Charlotte Perkins Gilman Bibliography Gives you a complete list of Gilman's published fiction, nonfiction, and poetry.
Charlotte Perkins Gilman and the Feminization of Education Written by Professor Deborah DeSimone, this is an interesting piece of scholarship on Gilman's ideas about women's education in America. This site looks at the sociohistorical and biographical contexts of Gilman's views of women's roles in the periodthe central theme in all her work.

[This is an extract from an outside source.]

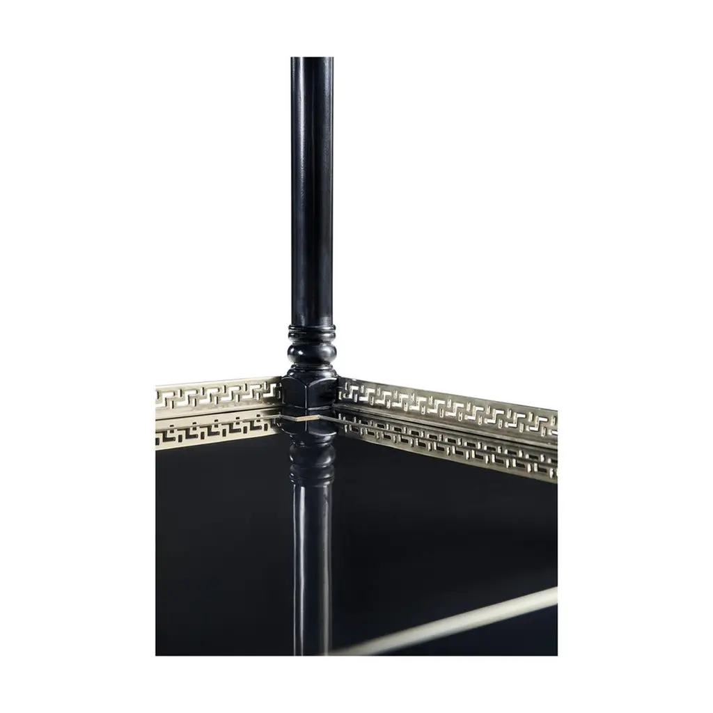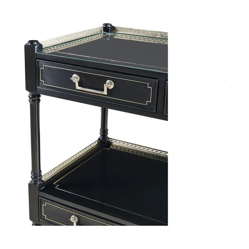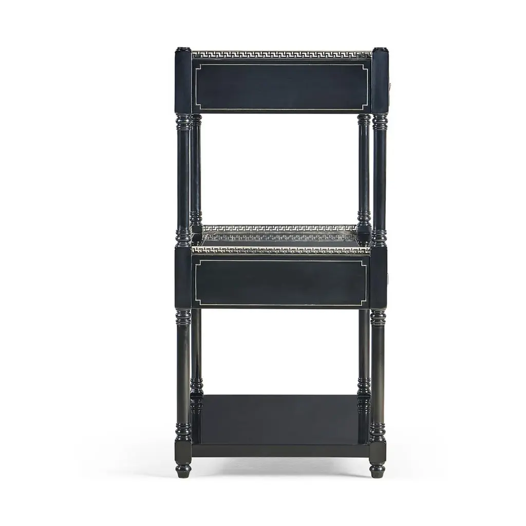 English Regency style three-tier wide painted etagere, capturing the essence of old-world drama and modern luxury. Black lacquered, the solid hardwood case features two double drawer shelves with white brass accents and gallery that beg to be laden with a decanter set and fine bottles of exquisite spirits. A floor shelf provides extra storage for oversized items.Dimensions: 33 1/8" W x 18 7/8" D x 38.5" H.

Behind the "Barred Windows": The Imprisonment of Women's Bodies and Minds in Nineteenth-Century America
A fascinating piece of historical scholarship by Michelle Mock Murton, a doctoral student at Indiana University of Pennsylvania. Incorporating Gilman's own views on women, Murton looks at the medical, social, and literary treatments of women's bodies in the period. You can click onto almost any proper name in the essay for additional information. This site's excellent look at a cultural phenomenon that greatly impacted Gilman's work is especially useful if you are writing on Gilman's conceptions of women and mental health.
BIOGRAPHY Gilman is best known for her 1892 short story "The Yellow Wallpaper," the tale of a woman who goes mad after being prescribed a "rest cure" to relieve her of her desire to write. Gilman herself underwent such treatment in 1887 after suffering bouts of severe depression following the birth of her daughter in 1885. In "The Yellow Wallpaper," Gilman calls attention to the physical, psychological, and intellectual repression of women in late-nineteenth- and early-twentieth-century United States. Gilman became a popular writer and lecturer and was very active in political and reform movements. After divorcing her husband, she traveled widely, speaking on issues of women's rights, strongly advocating the need for women to achieve economic independence. In 1898, she published the book Women and Economics, today considered a classic feminist text.
Diagnosed with inoperable breast cancer in 1932, Gilman committed suicide in 1935. Her autobiography, The Living of Charlotte Perkins Gilman, was published posthumously in 1935. Unpunished, a previously unpublished detective novel with a feminist message, which Gilman had completed in 1929, was published in 1997.